シュラグが告発したのは、単なる研究不正ではない。アルツハイマー病の原因とされてきた「アミロイド仮説」を支える重要な論文の多くが、改ざんされた画像に基づいていたという事実だった。
700万人の患者を裏切った「希望の薬」
アメリカだけで約700万人、65歳以上の9人に1人が苦しむアルツハイマー病。家族を含めれば1100万人以上が、愛する人の記憶が失われていく残酷な現実と闘っている。2023年だけで、家族による介護の経済的価値は3500億ドル(約52兆円)に達した。
そんな絶望的な状況の中、テキサス州の小さな製薬会社カサバ・サイエンシズ(Cassava Sciences)が開発した「シムフィラム」という薬は、まさに奇跡の薬として期待を集めていた。同社のCEOレミ・バルビエ(Remi Barbier)は、この薬が記憶力を改善し、日常生活の質を向上させると豪語していた。
しかし、シュラグの調査により、この薬の科学的根拠となる研究データの多くが捏造されていた可能性が浮上した。論文に掲載されたウェスタンブロット(タンパク質を検出する実験手法)の画像は、明らかにコピー&ペーストされ、都合よく編集されていた。
業界に通じている人なら「これを見て疑問を持たない人がいるだろうか」と思うかもしれない。だが、実際には多くの科学者や規制当局が、これらの怪しい画像を見過ごしてきたのだった。
ミネソタ大学の「天才」が作り出した幻の発見
さらに衝撃的だったのは、2006年に科学誌『ネイチャー』に掲載された画期的な論文の真実だった。ミネソタ大学のシルヴァン・レスネ(Sylvain Lesné)とカレン・アッシュ(Karen Ashe)は、「Aβ*56(アミロイドベータ・スター56)」という特殊なタンパク質を発見したと発表した。これこそがアルツハイマー病の真犯人だという主張は、世界中の研究者に衝撃を与えた。
「これは本当に大きな発見で、この分野をひっくり返すようなものだった」
医学誌『アルツハイマーズ・アンド・ディメンシア』の編集者ドナ・ウィルコック(Donna Wilcock)は、当時の興奮をこう振り返る。
しかし、シュラグの分析により、この論文の重要な画像の多くが改ざんされていたことが判明した。レスネは実験データを都合よく「加工」し、存在しないタンパク質をあたかも発見したかのように見せかけていたのだ。
「もし嘘をつくなら、プロフェッショナルに嘘をつけ。これはあまりにも適当すぎる」
シュラグの研究室マネージャー、アレナ・コズンダ(Alena Kozunda)は、あまりにも稚拙な画像改ざんに呆れ返った。
研究不正を隠蔽する学術界の闇
査読システムの機能不全
なぜこれほど大規模な研究不正が30年間も見逃されてきたのか。その背景には、学術界の構造的な問題がある。
まず、有力な研究者の論文は査読(専門家による審査)を通りやすいという現実がある。『アルツハイマー病予防ジャーナル』の編集委員を務めるジェフリー・カミングス(Jeffrey Cummings)は、製薬会社43社から資金提供を受けているにもかかわらず、それらの会社に有利な論文をわずか数日で査読承認していた。

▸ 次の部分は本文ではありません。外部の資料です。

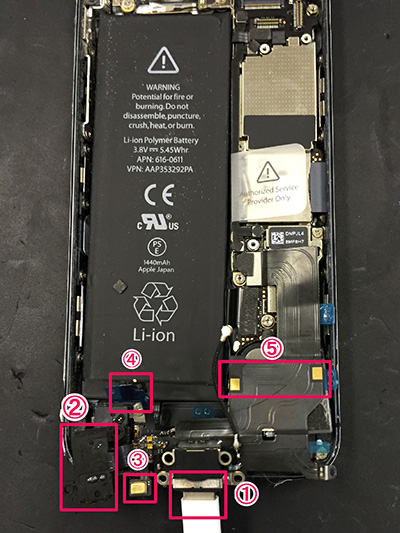 ④ホームボタンの接点。前にバッテリー膨張のブログで紹介した接点です。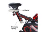This black and red S100 indoor exercise bike has been designed with ergonomics in mind. Each pedal features a toe cage so that your feet stay secure when you work out and both the handlebar and padded saddle seat can be adjusted for your personal comfort.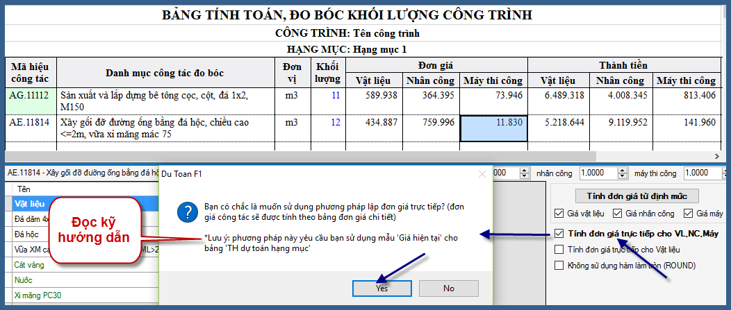 4. Lúc này sẽ tính đơn giá trực tiếp bằng cách quay lại bảng Công trình/tích chọn “Tính đơn giá trực tiếp cho VL, NC, Máy”/ một cửa sổ hiện ra kèm hướng dẫn: sử dụng mẫu “giá hiện tại” cho bảng “TH dự toán hạng mục”/ chọn Yes.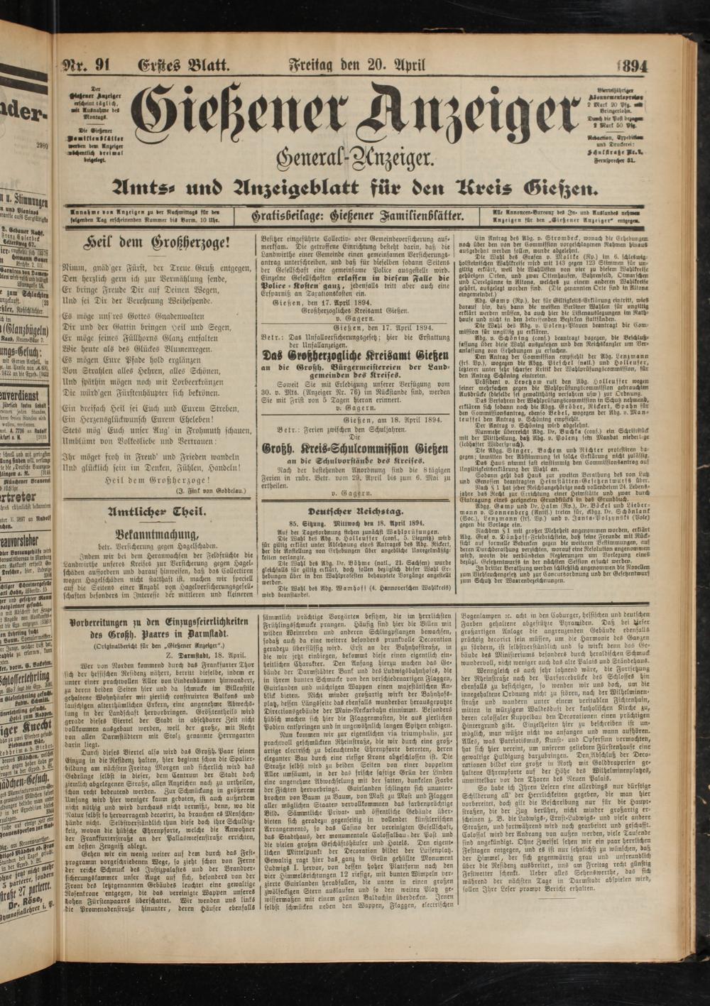 20.4.1894 Erstes Blatt

通常の査読期間は200日程度であることを考えると、これは明らかに異常である。ドナ・ウィルコック(Donna Wilcock)インディアナ大学教授は「受理から1週間以内に承認された論文は、査読されていないと断言できる」と指摘する。
大学による隠蔽工作
研究不正が発覚しても、大学側は往々にして隠蔽に走る。ニューヨーク市立大学は、ワンに関する調査報告書を2年間も秘匿し、告発者を探すために125万ドル(約1.8億円)の予算を計上した。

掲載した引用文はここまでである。